WHAT YOU HAVE TO DO: The material below holds pictures, which are to be left out; copy exactly the lines from the one with "Illusion Plunge Leaf-Print Mikado Ball Gown" through the one with "любви к игре.".

RECORDS FOR THIS EXERCISE:
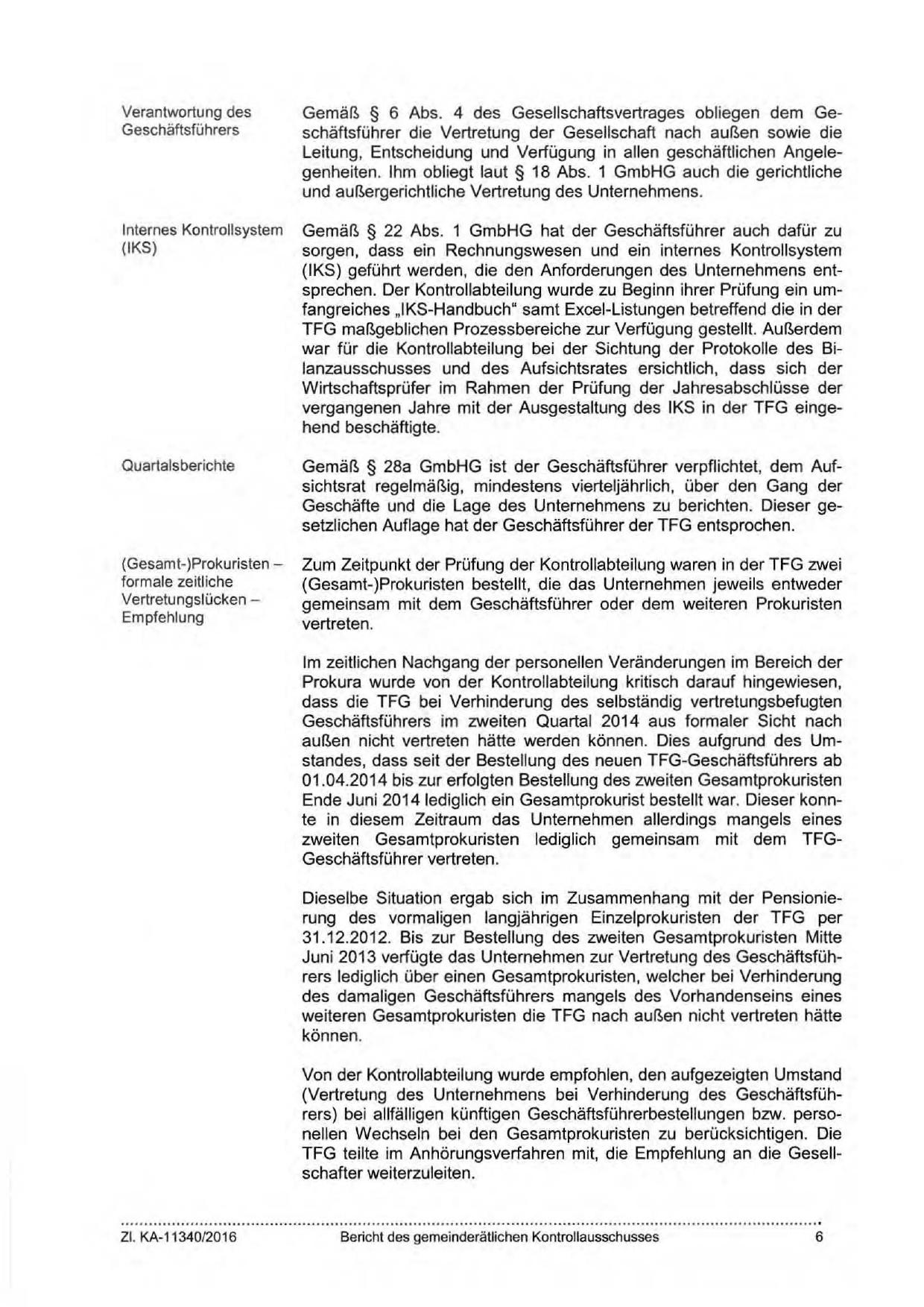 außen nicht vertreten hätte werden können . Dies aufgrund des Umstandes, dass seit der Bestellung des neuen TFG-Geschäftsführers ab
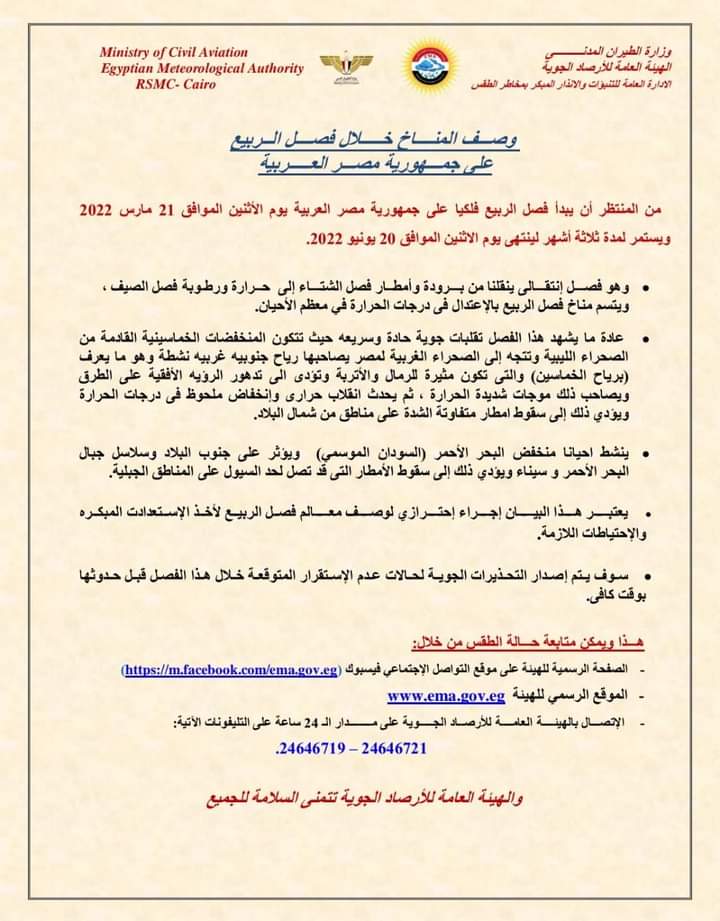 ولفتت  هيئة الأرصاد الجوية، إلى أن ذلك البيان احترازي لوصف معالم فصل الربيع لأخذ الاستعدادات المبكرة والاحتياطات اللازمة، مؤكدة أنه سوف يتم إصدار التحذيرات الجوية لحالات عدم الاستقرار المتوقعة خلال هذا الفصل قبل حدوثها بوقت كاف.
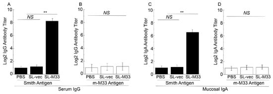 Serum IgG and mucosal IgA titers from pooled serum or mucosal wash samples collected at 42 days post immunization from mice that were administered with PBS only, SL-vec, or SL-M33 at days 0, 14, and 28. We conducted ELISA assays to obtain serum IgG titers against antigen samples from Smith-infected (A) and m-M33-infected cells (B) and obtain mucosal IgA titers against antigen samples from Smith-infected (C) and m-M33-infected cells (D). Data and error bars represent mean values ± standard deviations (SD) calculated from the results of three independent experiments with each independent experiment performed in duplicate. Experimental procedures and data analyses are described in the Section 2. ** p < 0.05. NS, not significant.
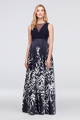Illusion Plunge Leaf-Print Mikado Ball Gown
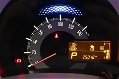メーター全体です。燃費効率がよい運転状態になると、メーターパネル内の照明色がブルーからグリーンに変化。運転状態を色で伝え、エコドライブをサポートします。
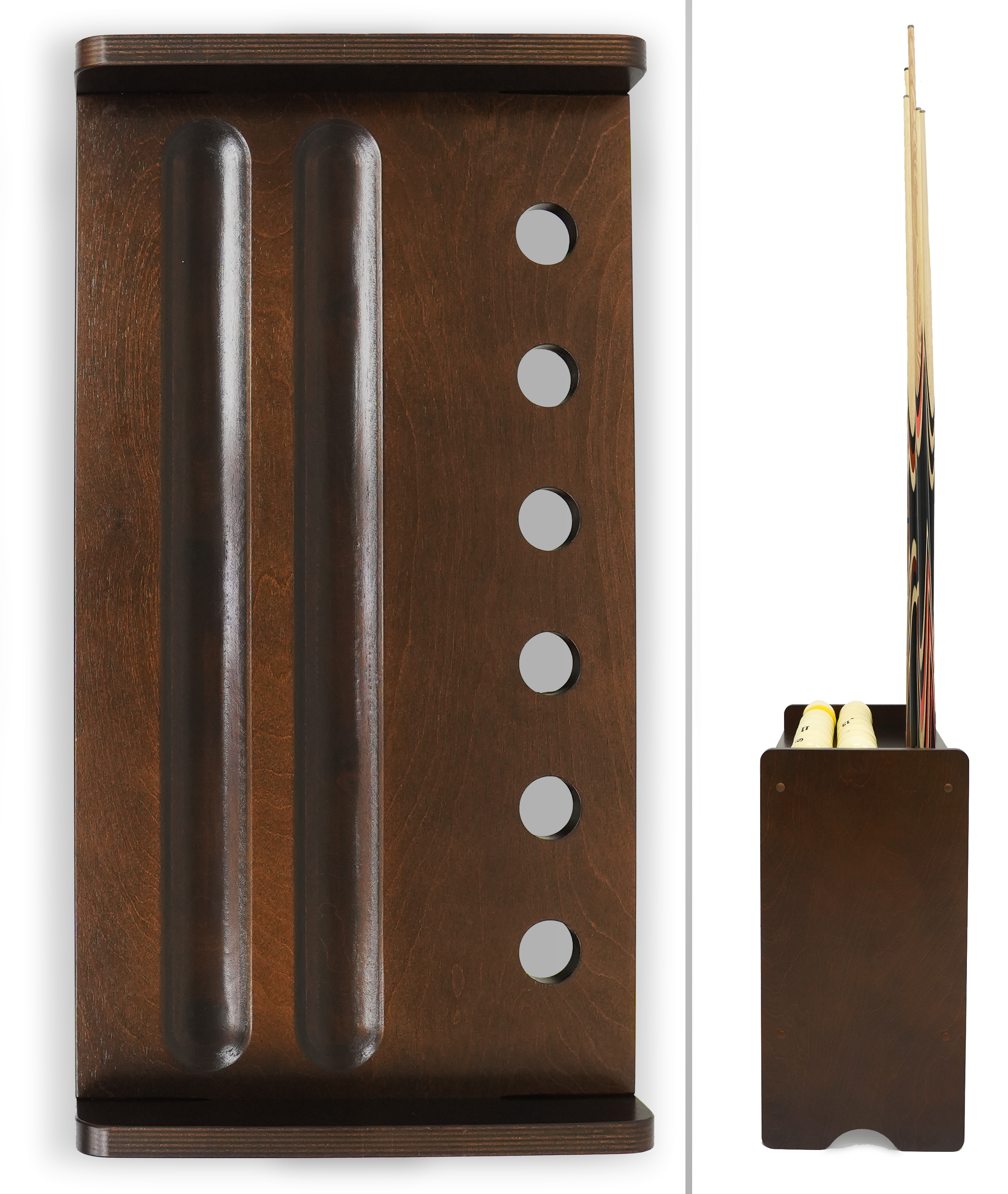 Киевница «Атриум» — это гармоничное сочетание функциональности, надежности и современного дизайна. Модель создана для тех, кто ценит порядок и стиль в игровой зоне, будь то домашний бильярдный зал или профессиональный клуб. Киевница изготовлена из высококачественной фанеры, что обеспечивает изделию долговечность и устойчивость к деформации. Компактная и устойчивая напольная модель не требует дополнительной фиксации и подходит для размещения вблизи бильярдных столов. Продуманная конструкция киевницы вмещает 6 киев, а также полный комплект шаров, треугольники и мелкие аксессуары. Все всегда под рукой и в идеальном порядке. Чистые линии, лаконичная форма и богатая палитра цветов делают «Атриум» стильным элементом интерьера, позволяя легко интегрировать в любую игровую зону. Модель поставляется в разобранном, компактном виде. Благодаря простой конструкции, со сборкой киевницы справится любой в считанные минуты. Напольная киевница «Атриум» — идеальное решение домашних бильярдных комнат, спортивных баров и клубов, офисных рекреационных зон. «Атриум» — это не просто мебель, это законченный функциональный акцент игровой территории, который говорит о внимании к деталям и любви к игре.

--

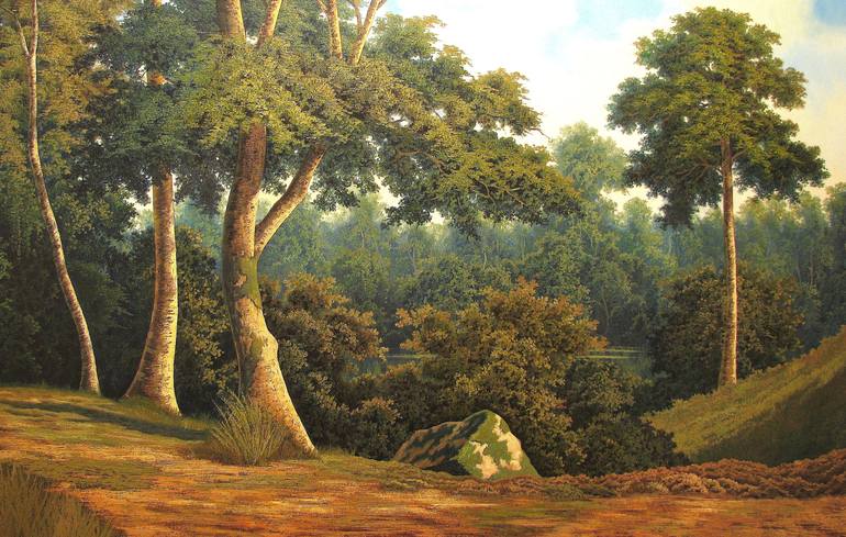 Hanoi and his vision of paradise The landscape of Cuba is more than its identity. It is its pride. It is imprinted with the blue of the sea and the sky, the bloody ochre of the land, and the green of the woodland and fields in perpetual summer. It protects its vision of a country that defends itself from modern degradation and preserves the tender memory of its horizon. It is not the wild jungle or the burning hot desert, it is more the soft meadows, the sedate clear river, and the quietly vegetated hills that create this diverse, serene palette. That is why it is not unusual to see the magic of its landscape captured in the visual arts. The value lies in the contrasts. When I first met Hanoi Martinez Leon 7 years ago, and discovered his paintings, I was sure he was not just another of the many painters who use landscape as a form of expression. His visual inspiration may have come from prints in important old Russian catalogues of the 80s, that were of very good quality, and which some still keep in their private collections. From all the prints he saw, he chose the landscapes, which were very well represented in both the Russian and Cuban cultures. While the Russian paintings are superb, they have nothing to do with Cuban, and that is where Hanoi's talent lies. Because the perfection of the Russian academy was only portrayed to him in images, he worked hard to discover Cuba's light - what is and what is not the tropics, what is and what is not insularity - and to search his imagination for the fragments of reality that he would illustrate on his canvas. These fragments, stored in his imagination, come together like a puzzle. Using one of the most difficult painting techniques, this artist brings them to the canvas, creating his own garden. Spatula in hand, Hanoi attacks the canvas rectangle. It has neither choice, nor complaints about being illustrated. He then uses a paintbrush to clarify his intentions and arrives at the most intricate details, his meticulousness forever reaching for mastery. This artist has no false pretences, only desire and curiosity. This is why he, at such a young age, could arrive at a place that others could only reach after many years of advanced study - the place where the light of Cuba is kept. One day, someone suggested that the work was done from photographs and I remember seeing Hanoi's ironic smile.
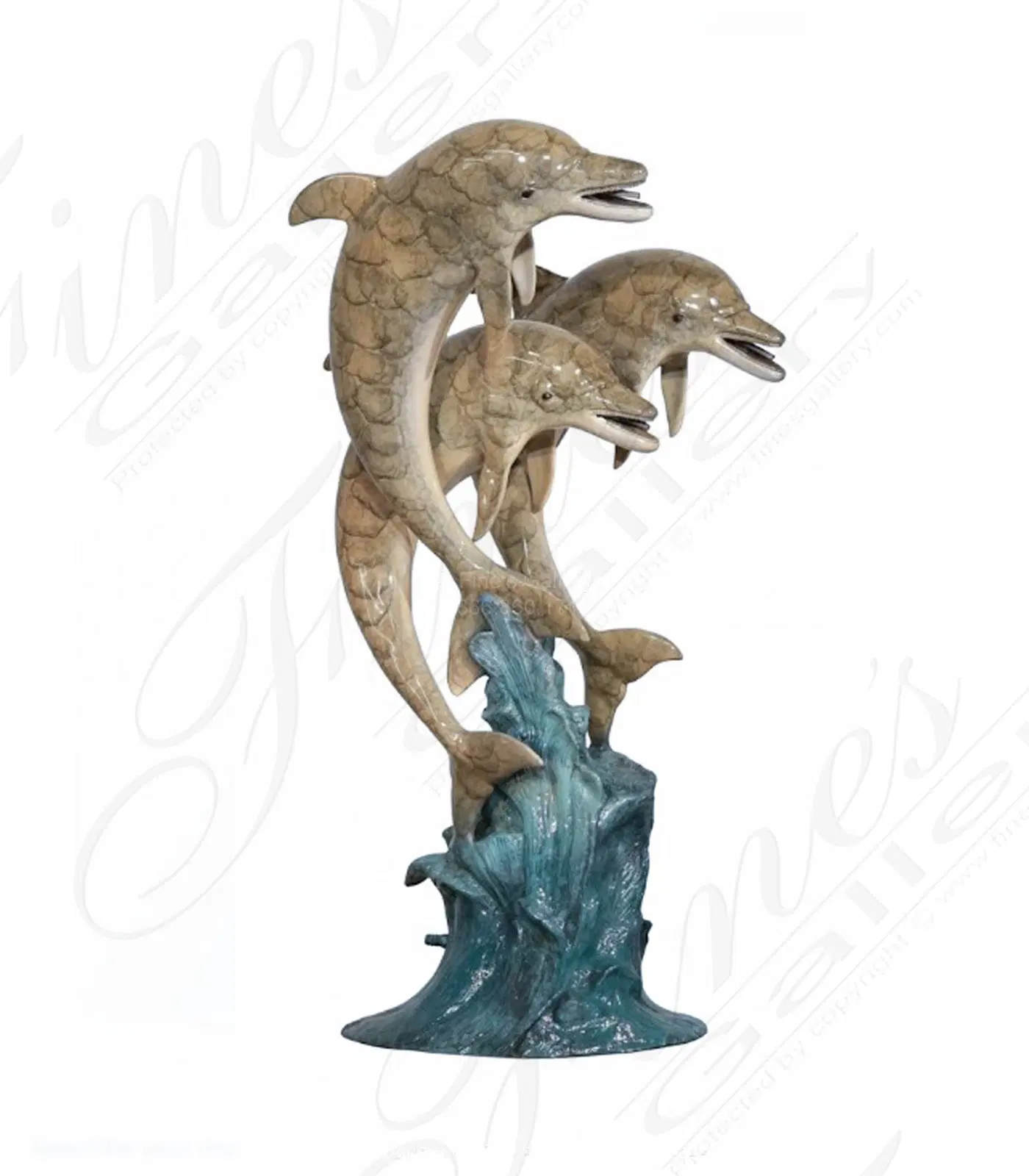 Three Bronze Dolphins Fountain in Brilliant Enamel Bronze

COMPLETED EXERCISE:
Illusion Plunge Leaf-Print Mikado Ball Gown
メーター全体です。燃費効率がよい運転状態になると、メーターパネル内の照明色がブルーからグリーンに変化。運転状態を色で伝え、エコドライブをサポートします。
 Киевница «Атриум» — это гармоничное сочетание функциональности, надежности и современного дизайна. Модель создана для тех, кто ценит порядок и стиль в игровой зоне, будь то домашний бильярдный зал или профессиональный клуб. Киевница изготовлена из высококачественной фанеры, что обеспечивает изделию долговечность и устойчивость к деформации. Компактная и устойчивая напольная модель не требует дополнительной фиксации и подходит для размещения вблизи бильярдных столов. Продуманная конструкция киевницы вмещает 6 киев, а также полный комплект шаров, треугольники и мелкие аксессуары. Все всегда под рукой и в идеальном порядке. Чистые линии, лаконичная форма и богатая палитра цветов делают «Атриум» стильным элементом интерьера, позволяя легко интегрировать в любую игровую зону. Модель поставляется в разобранном, компактном виде. Благодаря простой конструкции, со сборкой киевницы справится любой в считанные минуты. Напольная киевница «Атриум» — идеальное решение домашних бильярдных комнат, спортивных баров и клубов, офисных рекреационных зон. «Атриум» — это не просто мебель, это законченный функциональный акцент игровой территории, который говорит о внимании к деталям и любви к игре.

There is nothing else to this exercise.